Gigabit Testbeds Final Report

4.4.4 Parallel Architectures

Highly parallel computers with distributed memory architectures introduce a new issue to high speed host I/O, that of dealing with their internal interconnection networks. For supercomputers such as the TMC CM-5 and Intel Paragon which were used in the testbeds, hundreds of processors, each with individual memory, communicate among themselves and with external I/O interfaces via the internal interconnection network. The latter can take many different forms, for example a two-dimensional mesh in the Paragon and a hierarchical "fat tree" in the CM-5.

Internal bandwidths between individual processors within the interconnection networks also differed according to the interconnection architecture, being on the order of 200 MBytes/s in the Paragon and 10 MBytes/s in the CM-5, with aggregate bandwidth results depending on the architecture. While HIPPI interfaces on the machines were individually capable of 800 Mbps, the ability to move data between the interface and a set of processors at that rate was a significant challenge.

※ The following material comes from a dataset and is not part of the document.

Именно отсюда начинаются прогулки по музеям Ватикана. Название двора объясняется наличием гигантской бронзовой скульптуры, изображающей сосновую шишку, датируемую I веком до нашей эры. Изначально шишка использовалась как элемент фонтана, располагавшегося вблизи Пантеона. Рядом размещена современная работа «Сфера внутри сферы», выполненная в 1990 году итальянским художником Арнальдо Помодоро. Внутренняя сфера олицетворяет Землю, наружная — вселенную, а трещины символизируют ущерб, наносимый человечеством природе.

To provide an initial assessment of the CM-5's I/O capabilities, NCSA measured the data rates achievable in moving data between the 512-processor machine and its scalable disk array, theoretically capable of reading data at 112 MBytes/s and writing at 100 MBytes/s. The results were a maximum read rate of 95 MBytes/s and write rate of 35 MBytes/s, with the interconnection network found to be the bottleneck for at least some of the test cases used. In the case of the Paragon, the early versions of its operating system software used in the testbeds severely constrained achievable network I/O rates. Because of the inefficiencies inherent in its protocol support, an order of magnitude speedup was achieved using an internal raw HIPPI interface with the LANL CBI outboard TCP/IP device (discussed above), which allowed most of the normal operating system path to be bypassed.

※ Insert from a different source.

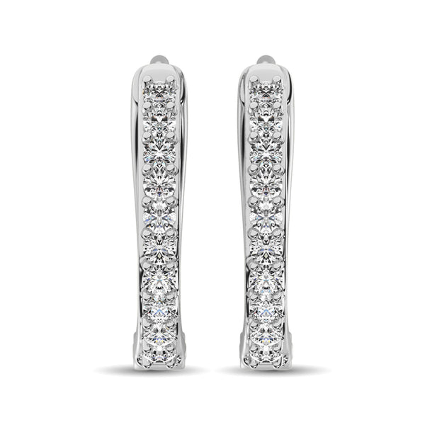 A bit of dazzle, a touch of sparkle! Each 10K White gold small huggie hoop Earrings has ten round diamonds in a prong setting. Wear these shimmering hoops for everyday style. Polished to a brilliant shine, these Earrings secure with hinged backs. Total diamond weight 1/3 ct.

A Cray Research T3D MPP supercomputer was also used in the Casa testbed later in the project. This machine consisted of 256 processors and a three-dimensional torus interconnection network, with a peak interprocessor capability of 300 MBytes/s. Unlike the Paragon and CM-5, however, its external network connections were made to a Cray YMP used as a front-end for the T3D. Thus the HIPPI network connections were interfaced to the shared-memory YMP and did not have to deal directly with the interconnection network.

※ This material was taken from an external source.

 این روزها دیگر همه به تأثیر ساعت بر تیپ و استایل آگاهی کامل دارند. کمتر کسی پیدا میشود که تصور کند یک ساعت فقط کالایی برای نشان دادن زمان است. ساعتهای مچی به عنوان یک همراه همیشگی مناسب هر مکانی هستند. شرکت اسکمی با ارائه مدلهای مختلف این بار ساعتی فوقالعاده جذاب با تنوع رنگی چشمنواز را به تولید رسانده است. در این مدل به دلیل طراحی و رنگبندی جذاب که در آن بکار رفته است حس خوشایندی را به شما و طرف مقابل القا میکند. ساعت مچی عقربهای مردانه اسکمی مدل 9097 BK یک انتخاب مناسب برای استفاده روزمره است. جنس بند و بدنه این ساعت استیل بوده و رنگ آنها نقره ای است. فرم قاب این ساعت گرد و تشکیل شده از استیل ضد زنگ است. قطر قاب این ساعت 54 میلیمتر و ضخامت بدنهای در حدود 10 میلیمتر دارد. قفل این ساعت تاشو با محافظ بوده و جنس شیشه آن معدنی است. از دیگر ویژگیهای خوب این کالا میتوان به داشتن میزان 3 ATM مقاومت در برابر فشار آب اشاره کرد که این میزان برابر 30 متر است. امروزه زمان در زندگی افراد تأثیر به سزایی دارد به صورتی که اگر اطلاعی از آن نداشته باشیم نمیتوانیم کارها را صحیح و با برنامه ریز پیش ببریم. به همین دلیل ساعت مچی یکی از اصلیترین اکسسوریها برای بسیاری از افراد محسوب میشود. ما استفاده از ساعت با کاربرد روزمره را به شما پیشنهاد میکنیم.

iWarp Streams Architecture

Parallel processing work at CMU in the Nectar testbed focused on the iWarp, an experimental parallel computer developed by CMU and Intel. It used a torus interconnection network with 40 MByte/s links to each of 64 processing nodes.

The CAB outboard interfacing engine used for the DecStation HIPPI interfacing discussed earlier was also used with the iWarp, but in a different configuration. Called the iCAB, it provided an external HIPPI interface, network buffering and TCP checksum support as in the workstation CAB, but was closely coupled to two of the iWarp's processors which were used as part of the I/O interface. The processors were responsible for TCP/IP protocol processing and the coupling of the sequential network interface to the iWarp's internal distributed processor/memory system (Figure 4-16).

Figure 4-16. iWarp Distributed Memory I/O

The CMU work made the management of data flows between the I/O interface and the distributed memory array the responsibility of each application, which accomplished this through the use of system library code. The latter was part of a streams package, which consisted of the application library routines and a Streams Manager program executed by the I/O processors. The application (or programmer) thus decided on the best data distribution for its processor/memory array based on knowledge of the application's requirements, while the Streams Manager was responsible for efficient movement of the total set of current data streams.

A reshuffling algorithm was executed by the array processors to map the application's data distribution into one that is efficient for transfer to and from the I/O interface. Experiments with reshuffling resulted in internal aggregate transfer rates of 125 MBytes/s for array block sizes as small as 128 bytes. Without reshuffling, a block size of about 6K Bytes was required to achieve the 125 MByte/s rate, with the 128-byte block size yielding only 40 MBytes/s [5].